EXERCISE DETAILS
Among the lines below, a stretch begins at the one with "- Жалоба на" and ends at the one with "跨境裸感带胸垫瑜伽健身专用运动内衣女普拉提速干挂脖美背文胸". Repeat that stretch exactly, ends included.

RECORDS PROVIDED
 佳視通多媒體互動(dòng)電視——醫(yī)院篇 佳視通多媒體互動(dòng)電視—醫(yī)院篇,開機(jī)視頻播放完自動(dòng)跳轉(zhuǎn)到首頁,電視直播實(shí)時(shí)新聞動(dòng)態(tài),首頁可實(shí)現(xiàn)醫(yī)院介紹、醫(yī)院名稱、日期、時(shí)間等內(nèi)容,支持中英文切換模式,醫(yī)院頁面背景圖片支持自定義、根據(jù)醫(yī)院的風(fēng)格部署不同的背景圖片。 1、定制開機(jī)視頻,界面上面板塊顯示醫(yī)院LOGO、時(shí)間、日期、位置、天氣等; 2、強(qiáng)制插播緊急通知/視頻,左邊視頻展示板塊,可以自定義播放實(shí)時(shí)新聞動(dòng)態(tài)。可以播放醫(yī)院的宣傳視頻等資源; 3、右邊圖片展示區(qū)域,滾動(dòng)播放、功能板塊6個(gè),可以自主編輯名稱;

* * *

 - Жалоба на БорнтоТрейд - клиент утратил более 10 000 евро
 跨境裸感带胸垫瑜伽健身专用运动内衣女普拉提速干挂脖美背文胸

...

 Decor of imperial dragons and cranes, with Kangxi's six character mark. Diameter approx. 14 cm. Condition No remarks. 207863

RESULT
 - Жалоба на БорнтоТрейд - клиент утратил более 10 000 евро
 跨境裸感带胸垫瑜伽健身专用运动内衣女普拉提速干挂脖美背文胸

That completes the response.